> WHAT YOU ARE ASKED TO DO:
Transcribe every entry that follows exactly, omitting all pictures.

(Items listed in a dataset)
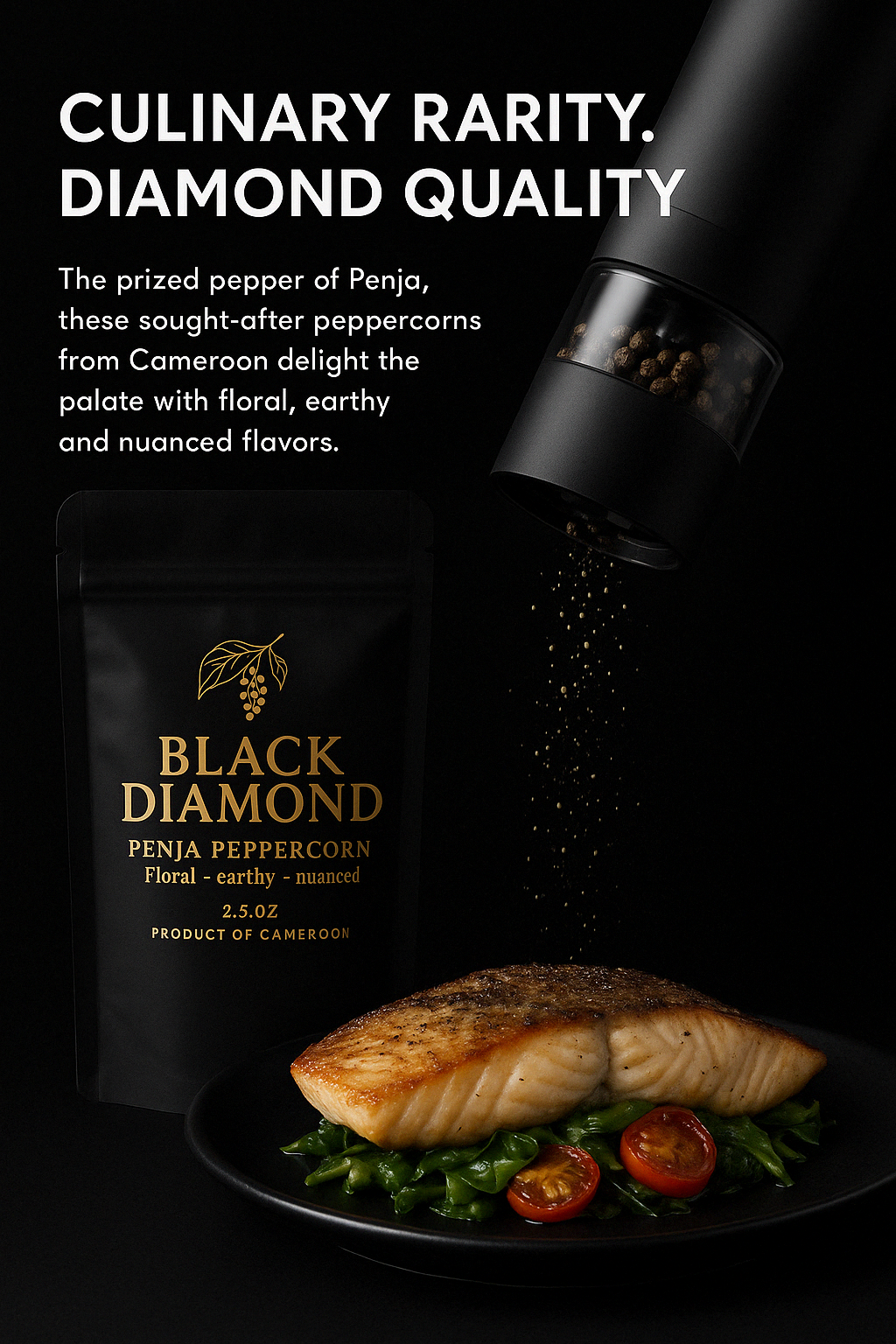 Penja peppercorn was cultivated in the volcanic soils of Cameroon, boasts more complex favors, with fruity notes, Penja peppercorns are popular amongst Michelin Chefs.
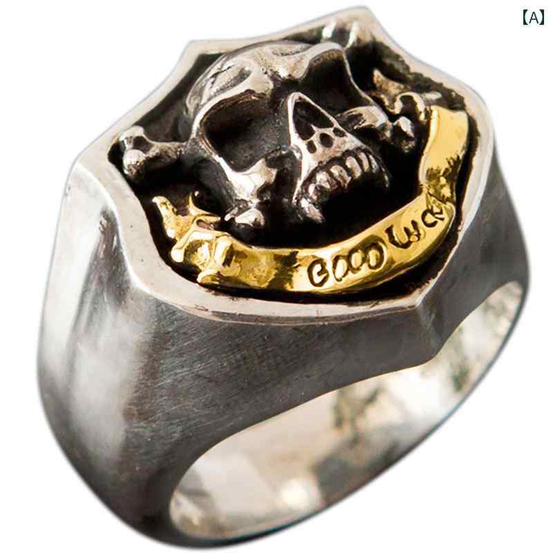 指輪 シルバーリング メンズ シンプル スカルリング ラッキー アクセサリー ワンポイント ファッション 開口部調節可能
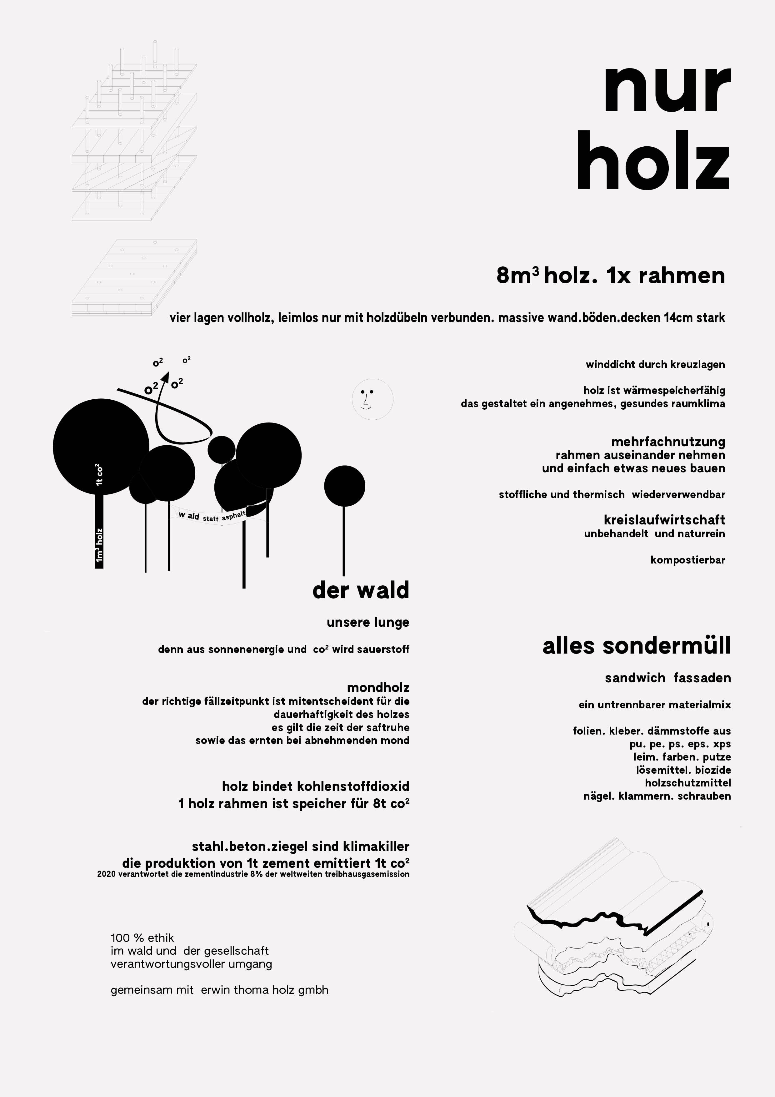 Ein verantwortungsvoller Umgang mit dem Wald macht Holz zu einem nach- wachsenden und nach- haltigen Baumaterial, das ein gesundes, angenehmes Raumklima erzeugt und mehrfach nutzbar bis kom- postierbar ist.
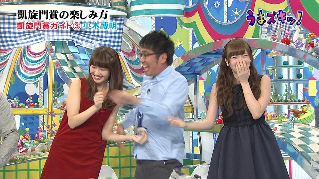 27日深夜に放送されたフジテレビの競馬バラエティ番組「うまズキッ!」で、MCを務めるお笑いコンビ・おぎやはぎの小木博明が、AKB48の小嶋陽菜と乃木坂46の白石麻衣に抱きつくシーンが放送され、一部ファンが小木に対して激怒している。
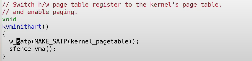 这个函数首先设置了SATP寄存器,kernel_pagetable变量来自于kvminit第一行。所以这里实际上是内核告诉MMU来使用刚刚设置好的page table。当这里这条指令执行之后,下一个指令的地址会发生什么?
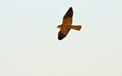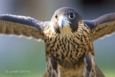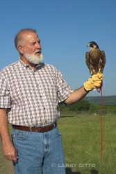 Bill Heinrich of the Peregrine Fund releasing peregrine falcon, female, at South Padre Island, Texas

> SOLUTION FOR THIS PROBLEM:
 Penja peppercorn was cultivated in the volcanic soils of Cameroon, boasts more complex favors, with fruity notes, Penja peppercorns are popular amongst Michelin Chefs.
 指輪 シルバーリング メンズ シンプル スカルリング ラッキー アクセサリー ワンポイント ファッション 開口部調節可能
 Ein verantwortungsvoller Umgang mit dem Wald macht Holz zu einem nach- wachsenden und nach- haltigen Baumaterial, das ein gesundes, angenehmes Raumklima erzeugt und mehrfach nutzbar bis kom- postierbar ist.
 27日深夜に放送されたフジテレビの競馬バラエティ番組「うまズキッ!」で、MCを務めるお笑いコンビ・おぎやはぎの小木博明が、AKB48の小嶋陽菜と乃木坂46の白石麻衣に抱きつくシーンが放送され、一部ファンが小木に対して激怒している。
 这个函数首先设置了SATP寄存器,kernel_pagetable变量来自于kvminit第一行。所以这里实际上是内核告诉MMU来使用刚刚设置好的page table。当这里这条指令执行之后,下一个指令的地址会发生什么?
 Bill Heinrich of the Peregrine Fund releasing peregrine falcon, female, at South Padre Island, Texas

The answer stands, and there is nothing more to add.